Monday, February 07, 2005

GIMME MUH PILLS, DAMMIT

Here’s the latest Official Act of Stupidity that is racing down the pike toward us poor Georgians...
Under a bill filed Thursday by freshman Sen. Jim Whitehead (R-Evans), pharmacists who oppose abortion on “moral or religious” grounds and who refuse to dispense emergency contraceptive drugs would be immune from lawsuits or disciplinary action by employers.

In other words, if you have a prescription for Plan B, an emergency contraceptive drug, and your pharmacist has personal issues about dispensing what he or she believes to be an abortifacient (and therefore Evil), under this legislation, your pharmacist can tell you to take a hike, and neither you nor the pharmacist’s employer can say “Boo.”

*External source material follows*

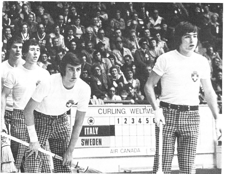
Die Mannschaft des Curling Club Dübendorf gewann die Bronzemedaille an den Curling-Weltmeisterschaften.

Die Schweiz erringt die Bronzemedaille an den Curling-Weltmeisterschaften, die in Bern durchgeführt worden sind.

According to the article in the Atlanta Journal-Constitution from which the above was snipped, an Eckerd drugstore in Texas last year dared to fire a pharmacist who did exactly that. The pharmacist refused to sell Plan B to a rape victim and was dismissed. But if Jim Whitehead has his way, that won’t be happening in Georgia.

And now my two cents - that’s what you were waiting for, wasn’t it?

Bull. Shit.

I think a pharmacist who refuses to sell a legally-prescribed medication for any reason should be subject to strong and immediate disciplinary action by his or her employer, and, furthermore, should be subject to legal action in the civil courts should the customer suffer damage as a result of such refusal.

You have a problem doing your job? Get another job.

I would stop short of criminalizing the pharmacist’s conduct. Hey, if you don’t want to do what your employer pays you to do, that’s a matter between you and your employer. You’re not a slave. But you have a job to do, and if you don’t like certain aspects of it, you are free to seek employment in another field that will perhaps be less traumatic on your conscience.

It’s all about choices and decisions. If you have sex, you may become pregnant. If you use contraception, you reduce the chances of becoming pregnant. If you become pregnant, you either carry the baby to term, you terminate the pregnancy artificially, or the pregnancy self-terminates. Those are the choices, and circumstances dictate those over which you have a measure of control.

But I tell you what: if I were a rape or incest victim, I would at least want the option to terminate any resulting pregnancy. And if I could prevent such a pregnancy from happening, so much the better. But you, O High And Mighty Drugstore Person, you are going to make that decision for me? I don’t think so.

The religious right wing wants to prevent abortions, but then they take measures that inevitably result in more abortions. Have I mentioned abstinence-based sex education?

Of course, the issue that lurks just in back of this one is the whole “Effect of Abortion Politics on What Medications are Granted Legal Status.” That’s a whole ’nuther bag of wind, friends, but for the sake of argument, let’s not even get into the discussion on why or why not RU486 (which can reasonably be called a pharmaceutical abortifacient) or Plan B (an emergency contraceptive) should be available under a doctor’s prescription. Medicines need to be safe and effective for their intended uses, but the FDA is not above the grasp of politics in today’s increasingly religious right-influenced administration. Which is why RU486 has “pariah status” in this country.

But we’re talking about Plan B, which is - in theory - legally available. Unless Mr. Druggist has other ideas.

Oh, brother. Time for a new license plate slogan, Georgia. Instead of the old standby “The Peach State,” how about “Now Increasingly Moronic!”?